=== AIM OF THE TASK ===
Under this line is a listing; return exactly the lines starting at the one with "Jimmy Sabater_Joe Cuba_Manny" and running down to the one with "熱賣中🔥 即將售完女V040", and leave out its pictures.
════════
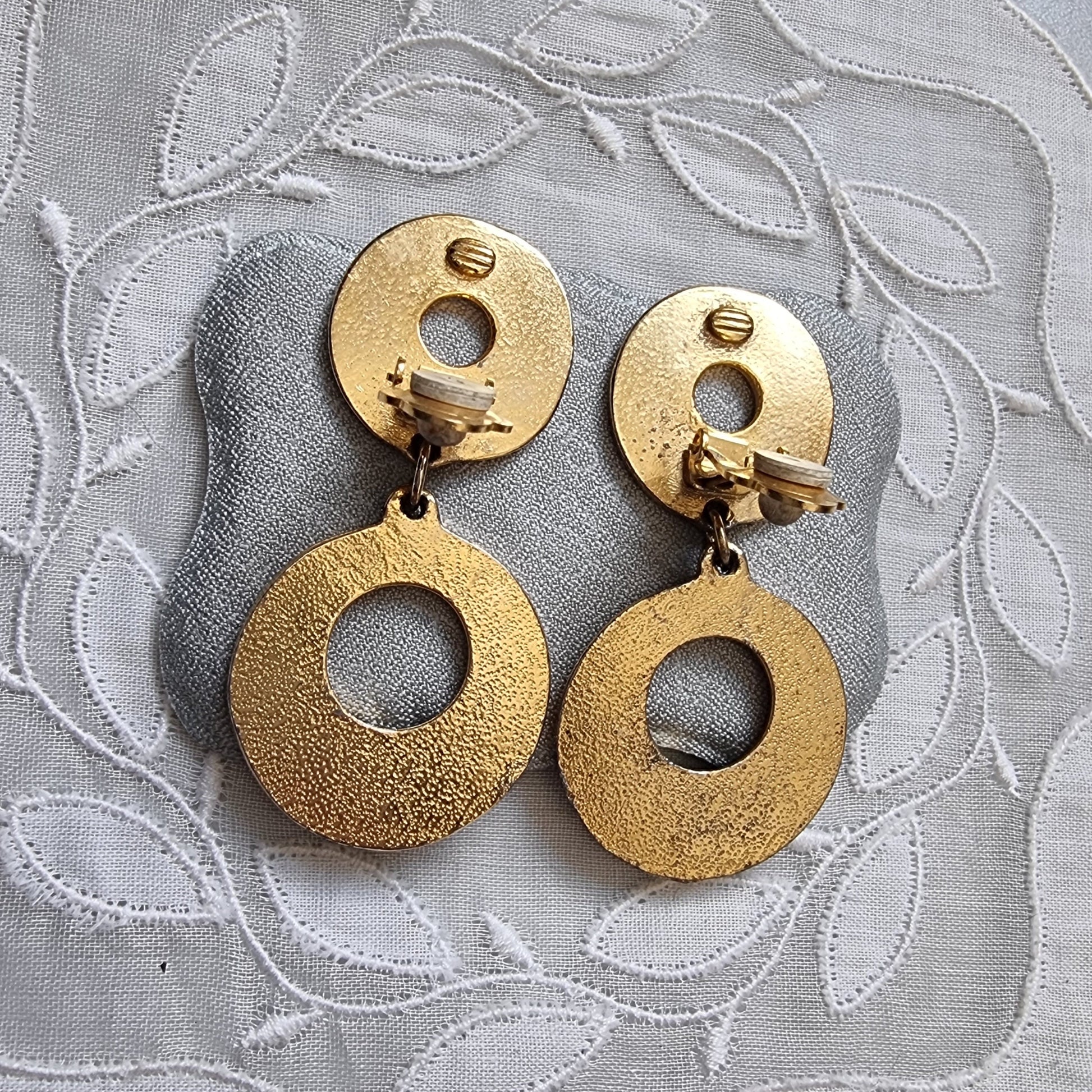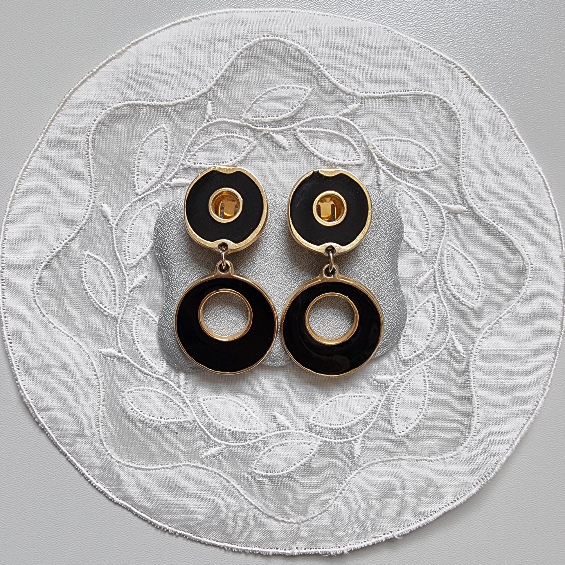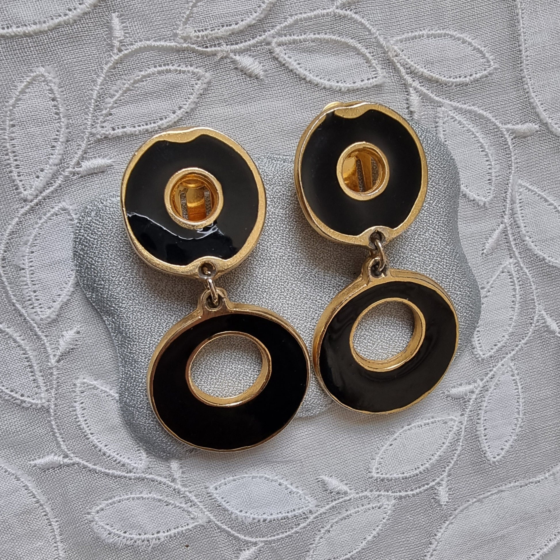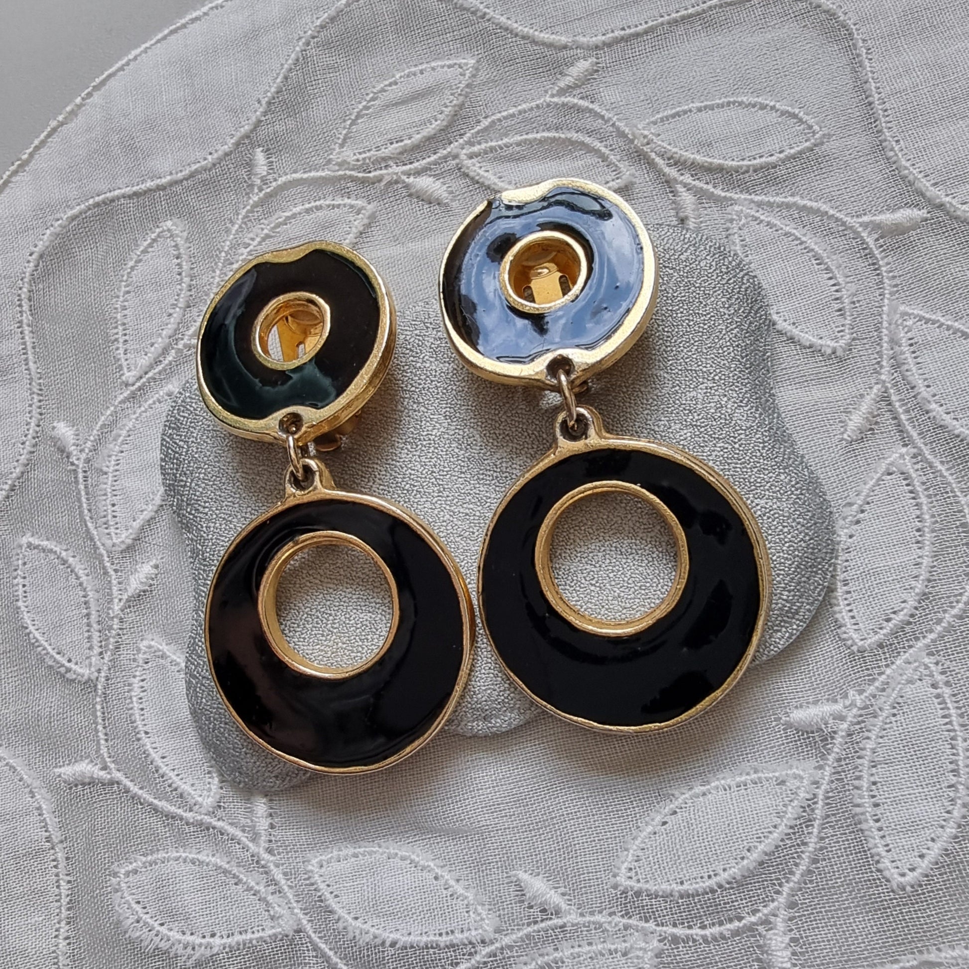 Clip on - Black Enamel Round Drop Clip on Earrings
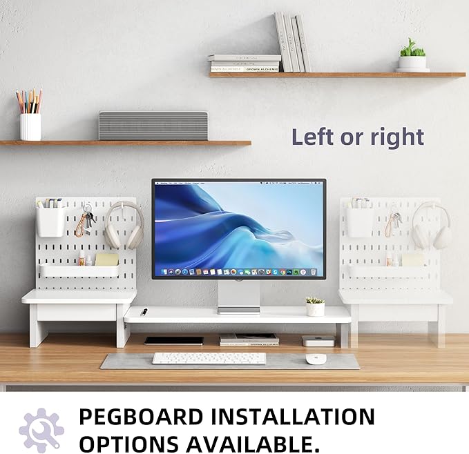Pegboard Monitor Stand Riser,Computer Monitor Stand with 2 Hooks Cable Management Desk Organizer and Drawer for Laptop,PC,Computer,Printer,White
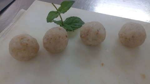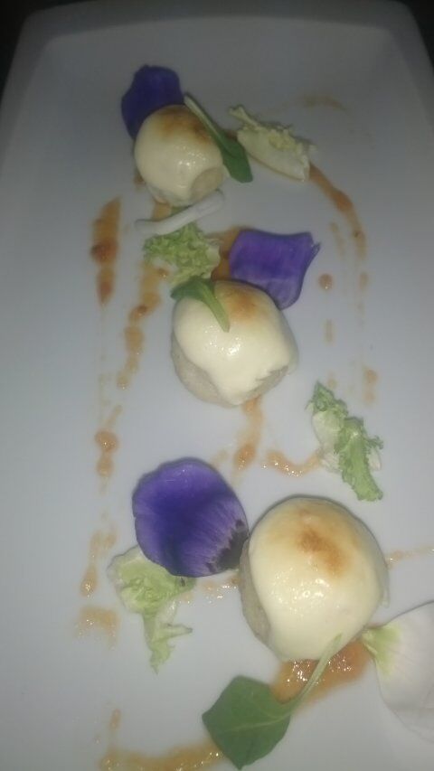 Albondigas de bacalao confitado a las dos naranjas y tocan las trompetas.
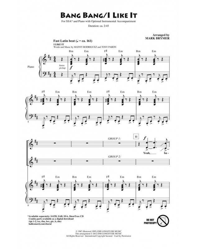 Jimmy Sabater_Joe Cuba_Manny Rodriguez_Tony Pabon Mark Brymer Bang Bang/I Like It SSA Conducteur chorale Pop Choral Series 35
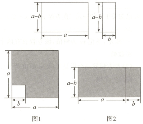 (1)若图1中阴影部分的面积为$a^{2}-b^{2}$,则图2中阴影部分的面积为$($用含字母$a,b$的代数式表示$)$.
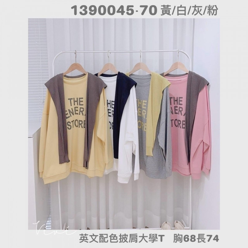 熱賣中🔥 即將售完女V0402(10)-英文配色披肩大學T(1390045)(3694白)
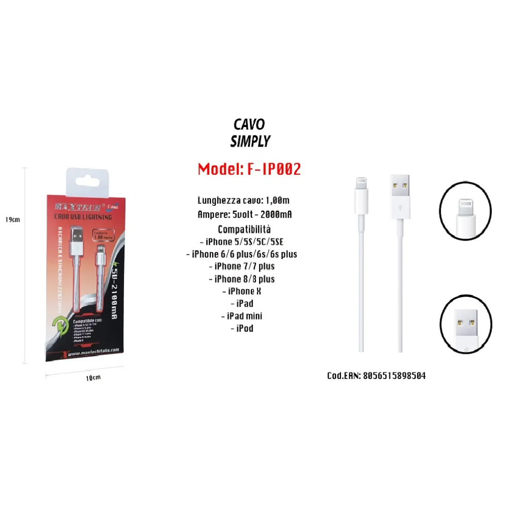 Cavo USB Simply Ricarica per iPhone iPad iPod 1 MT 5Volt-2000mA Maxtech F-IP002
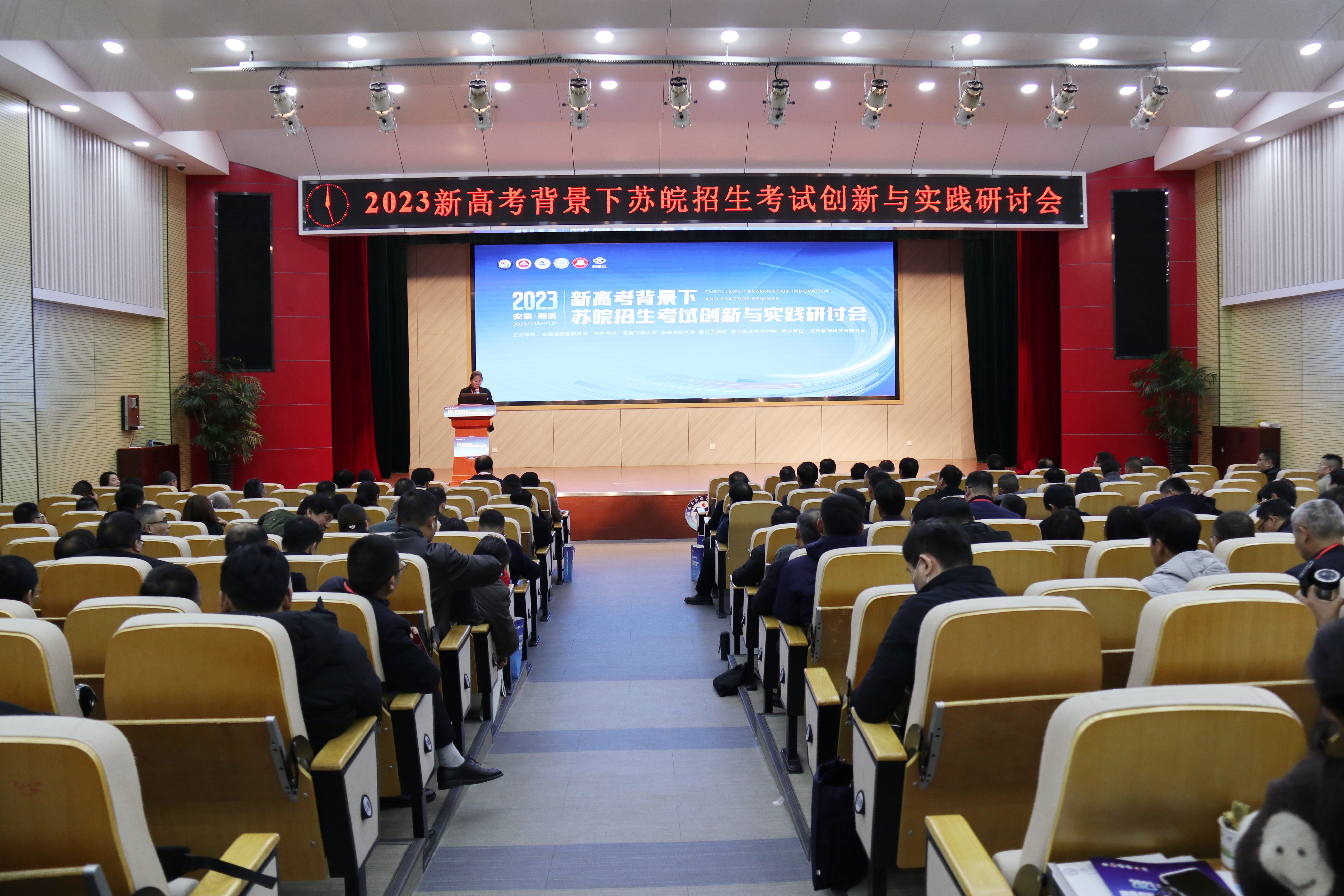 本网讯 为全面落实《国务院关于深化考试招生制度改革的实施意见》文件精神,充分应对2024年新高考在我省正式落地,促进学校与省内外招考管理单位、高中深度沟通合作,11月18日-20日,学校与濉溪县考试管理中心、安徽工程大学在淮北市联合举办“新高考背景下苏皖招生考试创新与实践研讨会”。安徽、江苏两省50余市县招办主任、省级示范高中校长和高校负责人共200余人参会。
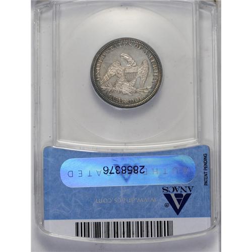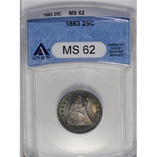 <B>1863<25C> MS62 ANACS.</B></I> A lustrous example with a somewhat prooflike reverse. Blue and yellow-orange patina graces the obverse, while the dove-gray reverse fields and ivory devices create a partial cameo effect. Long, thin abrasions in the obverse fields help define the grade.<BR><I>Ex: Stack's, 7/52, lot 444.</B></I><BR><I>From The Redfjord Collection.</B></I>
════════
=== TASK RESPONSE ===
 Jimmy Sabater_Joe Cuba_Manny Rodriguez_Tony Pabon Mark Brymer Bang Bang/I Like It SSA Conducteur chorale Pop Choral Series 35
 (1)若图1中阴影部分的面积为$a^{2}-b^{2}$,则图2中阴影部分的面积为$($用含字母$a,b$的代数式表示$)$.
 熱賣中🔥 即將售完女V0402(10)-英文配色披肩大學T(1390045)(3694白)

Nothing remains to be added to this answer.